Here is the introduction what is "trigram indexing" and how Google Code Search use it for search but it is in Chinese :) .
How it works
This package using trigram indexing to get all trigram in input string (what we call document).
Here is some trigram rule as follow:
-
It will not transfer Upper case to Lower case. (follow code search rule)
-
Includes "space"
Install
go get github.com/kkdai/trigram
Usage
package main
import (
"fmt"
. "github.com/kkdai/trigram"
)
func main() {
ti := NewTrigramIndex()
ti.Add("Code is my life") //doc 1
ti.Add("Search") //doc 2
ti.Add("I write a lot of Codes") //doc 3
//Print all trigram map
fmt.Println("It has ", len(ti.TrigramMap))
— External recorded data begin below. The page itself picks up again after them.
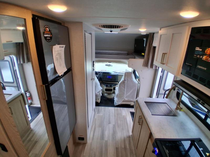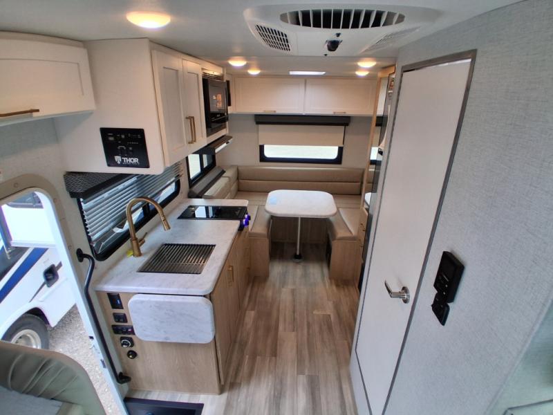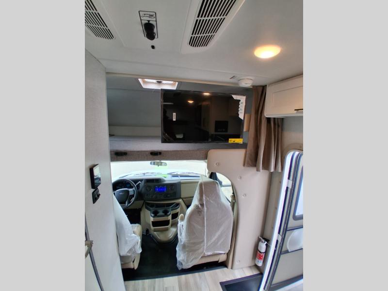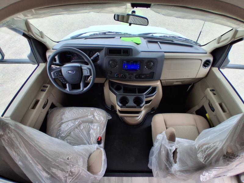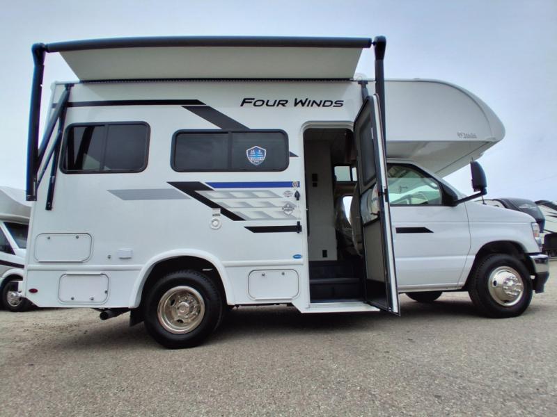 With any Four Winds ESpec Class C gas motorhome by Thor Motor Coach, you will find convenient amenities, a modern interior, and a reliable Ford E-Series chassis, with an optional Chevy chassis on select models to power your adventures. There is welded tubular aluminum roof and sidewall cage construction, a one-piece fiberglass front cap, and a one-piece domed roof membrane for added strength. Residential vinyl flooring will be easy to keep clean, and you'll love the sleek look of the Hampton Collection, two-toned cabinets. These motorhomes also include a 50 state 4.0 kW dual gas/LP generator and a 30-amp shoreline power cord to keep you going, along with a tankless water heater and 13,500 roof front A/C to ensure your comfort!
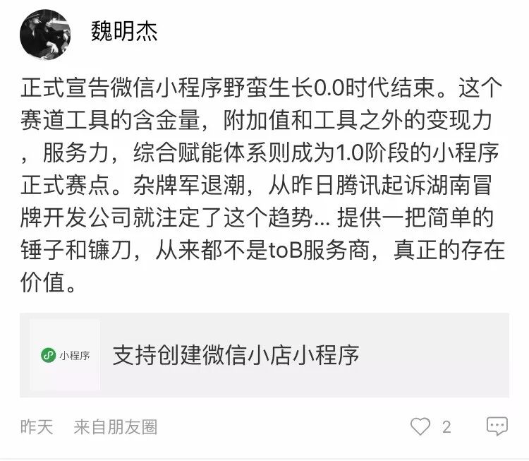 靠谱小程序创始人魏明杰在微见单方面宣布:“微信小程序野蛮生长时代0.0结束。”
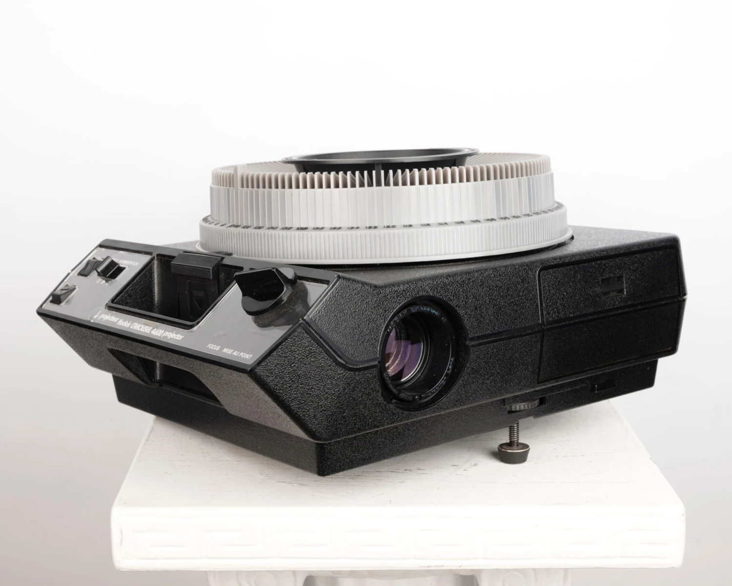 This is a solid and reliable 35mm slide projector. It is fully compatible with Kodak Carousel slide projector trays and lenses. The 4600 is part of the third generation (made from 1981 to 2004) of North American Kodak Carousel projectors. The Carousel 4600 features an ‘auto-focus’ feature which, in projector speak, means that it adjusts the focus based on the thickness of the slide mount; this is handy for people with many different types of slide mounts in their collection.
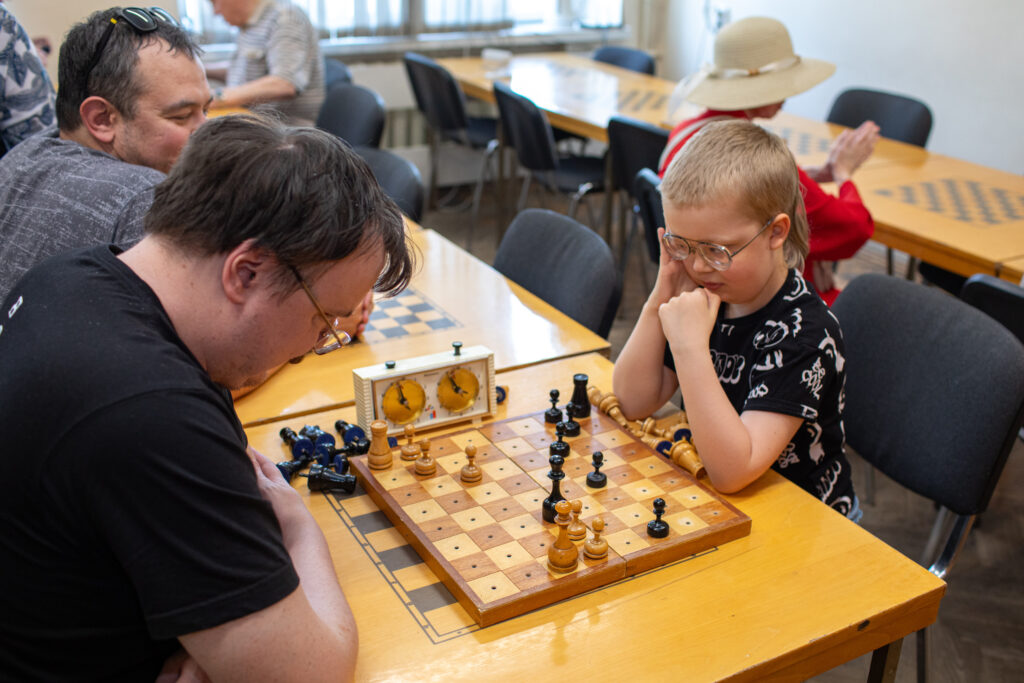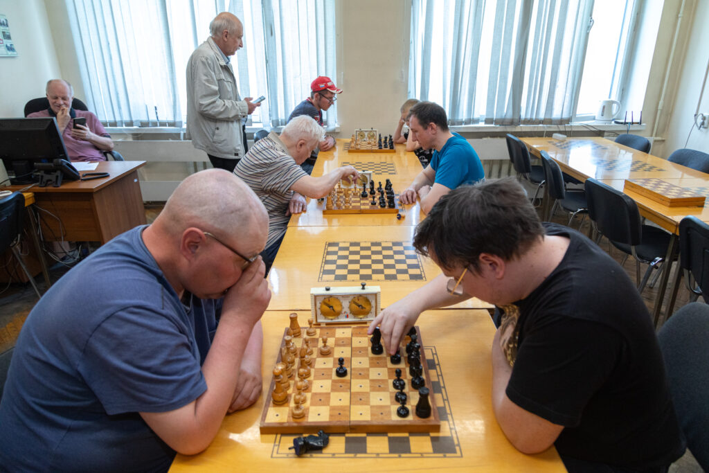 В воскресенье 25 мая в шахматном клубе КСРК ВОС прошли открытые соревнования по шахматам среди инвалидов по зрению, посвящённые 80-летию Победы в Великой Отечественной войне. Турнир проводился в рамках спортивного марафона «Сила России». Соревнования прошли по круговой системе в 9 туров. В результате упорной борьбы первое место завоевал Алексей Комиссаров с результатом 7½ очков из семи. За оставшиеся два призовых места развернулась борьба между тремя участниками, набравшими одинаковое количество очков. Судьба оказалась более благосклонной к Денису Костюкову – он второй. Третье место у Станислава Бабарыкина, а на четвёртом месте расположился самый юный участник соревнований 8-летний Ярослав Кузнецов, нанёсший в последнем туре единственное поражение победителю.
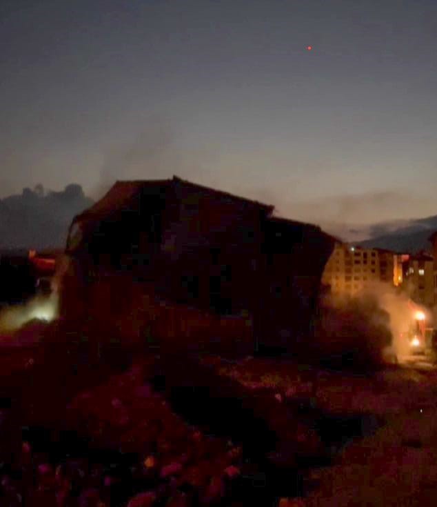 Hatay’ın Antakya ilçesinde iş makinesi operatörünün 6 katlı binayı yere vurarak sarsıntıyla kontrollü olarak yıktığı anlar kameraya yansıdı.
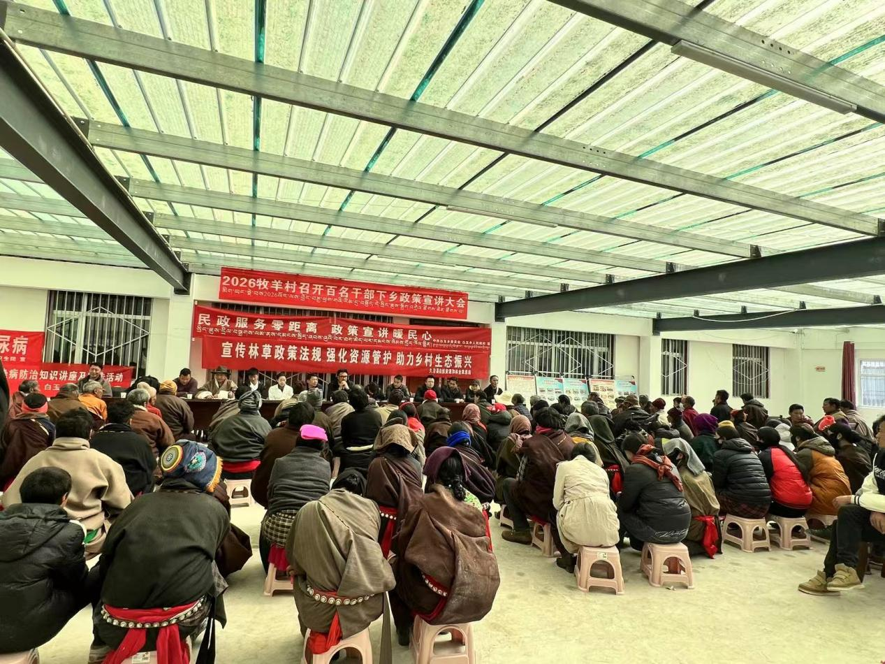 為推動2026年中央一號文件精神落地見效,扎實(shí)落實(shí)“百名干部下鄉(xiāng)”工作部署,3月12日,中國科學(xué)院西北高原生物研究所駐村工作隊(duì)協(xié)助白玉鄉(xiāng)黨委、政府,深入開展中央一號文件精神專題宣講活動。久治縣公安局、應(yīng)急管理局、檢察院、自然資源局、人社局干部,白玉鄉(xiāng)聯(lián)點(diǎn)領(lǐng)導(dǎo),駐村工作隊(duì)第一書記祁振軍、工作隊(duì)員羅崇亮,以及牧羊村“兩委”和黨員、群眾代表等180余人參加活動。

for k, v := range ti.TrigramMap {
fmt.Println("trigram=", k, " obj=", v)
}
//Search which doc include this code
ret := ti.Query("Code")
fmt.Println("Query ret=", ret)
// [1, 3]
}
Benchmark
Still working to improve the query time.
BenchmarkAdd-4 300000 6743 ns/op
BenchmarkDelete-4 500000 4021 ns/op
BenchmarkQuery-4 10000 7894005 ns/op
BenchmarkIntersect-4 300000 4496 ns/op
BTW: Here is benchmark for https://github.com/dgryski/go-trigram for my improvement record:
BenchmarkAdd-4 1000000 1063 ns/op
BenchmarkDelete-4 100000 140392 ns/op
BenchmarkQuery-4 10000 474320 ns/op
Inspired
- Google Code Search (using Go)
- Trigram Algorithm
- https://github.com/dgryski/go-trigram
- Regular Expression Matching with a Trigram Index
- Approximate string-matching algorithms, part 2
Project52
It is one of my project 52.
License
This package is licensed under MIT license. See LICENSE for details.